Davis’ company has enjoyed steady growth since those early years. Today the company’s operations employ 26 people and occupy three buildings. In addition to manufacturing custom pallets, skids, crates and containers, Quality Support also supplies industrial lumber products and operates a lumber yard facility.

Quality Support is located in Scottdale, Pennsylvania about 40 miles southeast of Pittsburgh. The company has three buildings — two of them constituted an old National Guard armory and are listed on the National Register for Historic Places — with about 50,000 square feet under roof. When the company purchased the property, the roof was caved in on one building, and the walls were buckling; Quality Support restored the building.

Quality Support has thrived in the niche it quickly established. “We have experienced growth every year that we have been in business, even during lean economic times,” said Davis. The company has experienced steady growth despite not having a dedicated sales representative. “It was all by word of mouth,” he added, “or when a buyer left a company and went to a new company, they always brought us along.”

Most of Quality Support’s orders are for custom wood packaging. “We are strictly a job shop with a majority of our orders small quantities,” said Davis. However, the company recently received an order for more than 10,000 crates.

About 65% of the company’s business is related to the U.S. military. For example, the company recently completed an order for 65 specialty pallets that would be used to ship control panels for a nuclear-powered submarine.

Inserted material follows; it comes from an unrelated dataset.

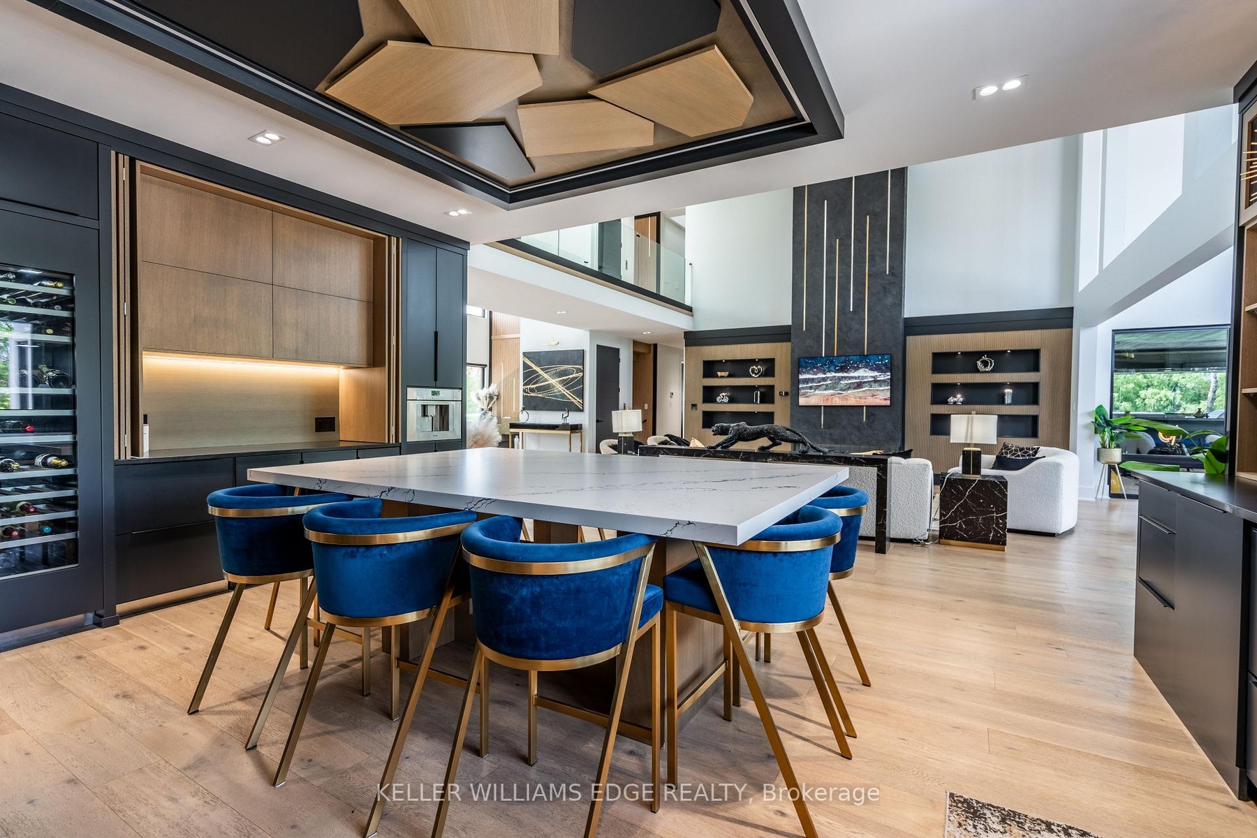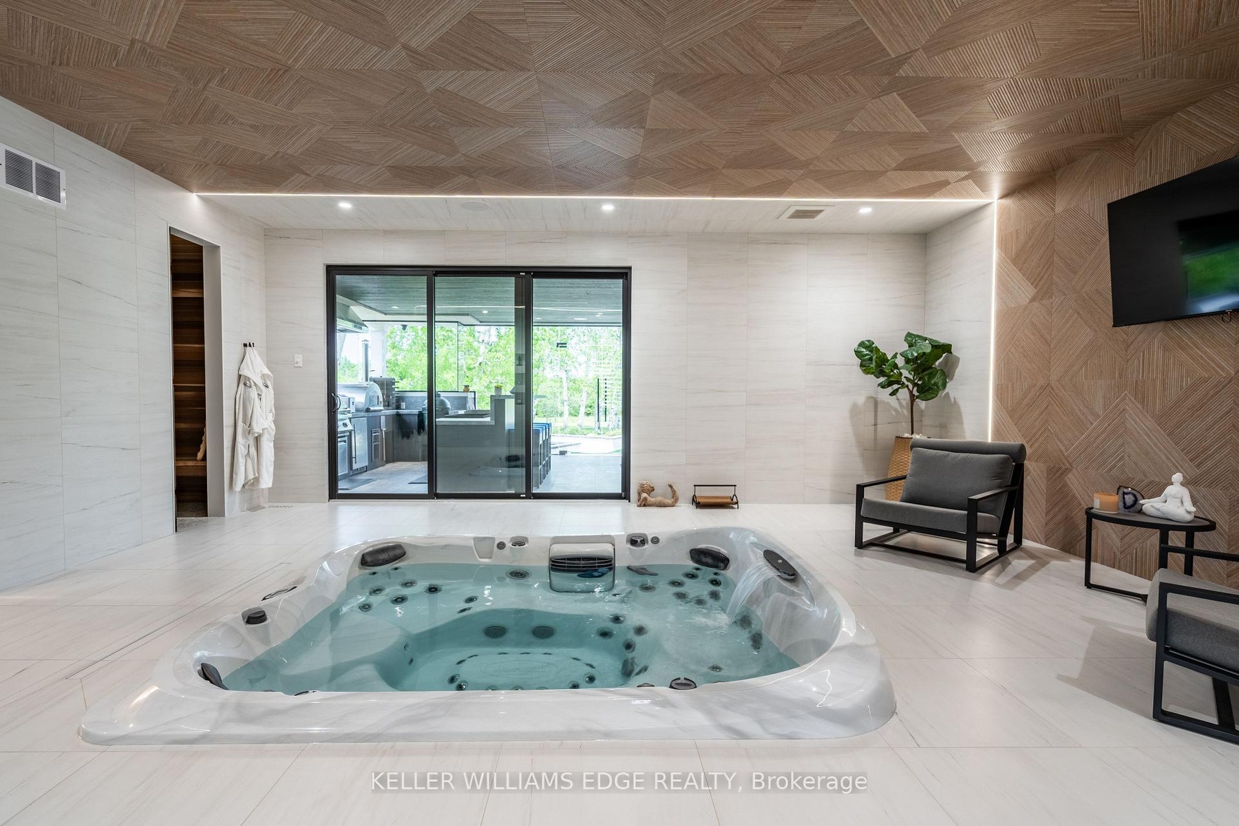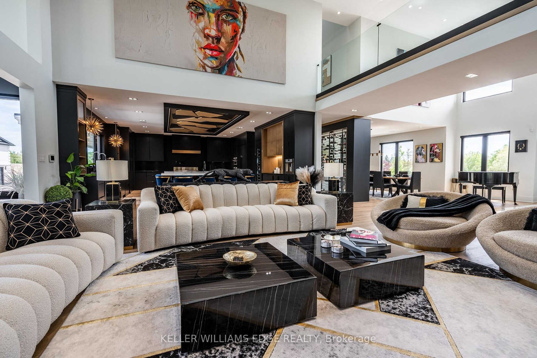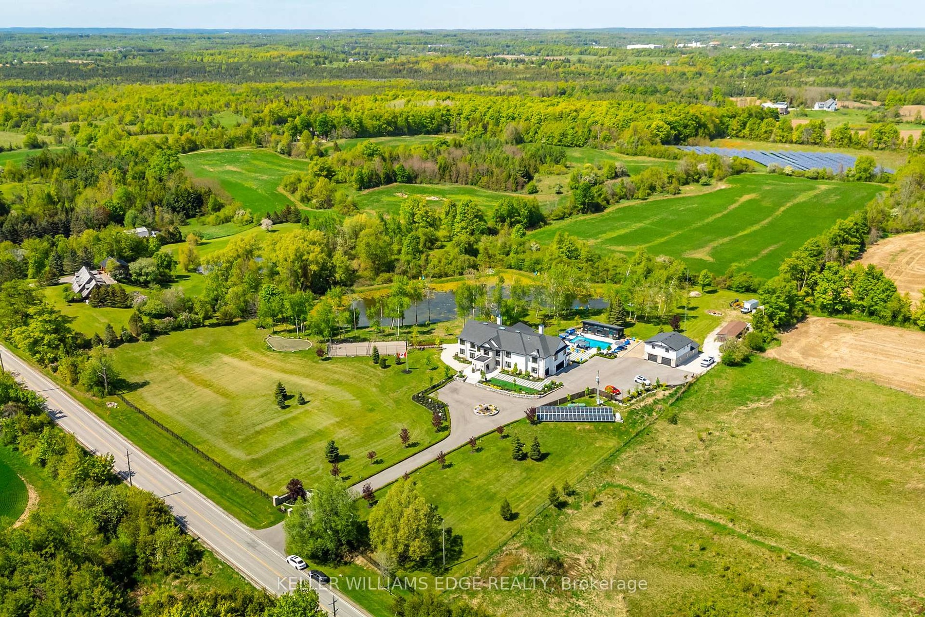 A truly rare offering. Set on 5.76 acres of private, tree-lined grounds, this custom-built estate presents an exceptional opportunity to own a secluded executive retreat minutes from the GTA. Thoughtfully designed and meticulously crafted by its original owners, the residence balances architectural presence with everyday livability, offering space, privacy, & quality that is difficult to replicate. A dramatic 22-foot foyer with a striking floating staircase creates a commanding first impression, while expansive floor-to-ceiling windows frame serene natural views & flood the home with sunshine. The layout is intentionally designed for both grand-scale entertaining and comfortable family living. At the centre of the home is a remarkable chef's kitchen featuring dual oversized islands with seating for up to fourteen, premium appliances, & seamless flow to the sunroom & outdoor kitchen, ideal for hosting, gatherings, & year-round entertaining. This estate offers an extensive collection of resort-style amenities, including a private spa with a 10-person jacuzzi, steam room, & sauna, plus a fully equipped home theatre, gym, games area, & full bar. A private elevator enhances convenience across all levels. Above the garage, a three-bed guest suite provides flexibility for extended family, guests, or live-in support. The outdoor experience is equally impressive: heated saltwater pool, two fire pit areas, tennis & basketball courts, walking trails surrounding a tranquil private pond, & multiple outdoor spaces designed for relaxation and entertaining, all within complete privacy. The property is equipped with solar & geothermal systems, full smart-home integration, & dual septic systems, reflecting a commitment to sustainability, efficiency, & long-term ownership. A rare legacy estate offering privacy, land, & lifestyle without sacrificing proximity to major urban centres. An exceptional opportunity for the discerning buyer seeking space, discretion, & enduring value.

The pallets featured ¾-inch oak plywood bases with holes drilled in the base to bolt on 3-½-inch by 7-inch wood members. Some dimensions required precision within 0.03-inch. By contrast, it also has supplied large pallets that are used to ship refurbished doors for the U.S. military’s Stryker armored fighting vehicle.

Jack cited other examples of orders for the military, one being a shipping crate for a cannon of an M1 Abrams tank. The company regularly supplies shipping crates to a business that provides the military with .50 caliber machine guns; the crates require CNC fabrication of some internal components to ensure adequate support during shipment. Quality Support recently supplied a truckload of crates to a Navy base to ship large transponders.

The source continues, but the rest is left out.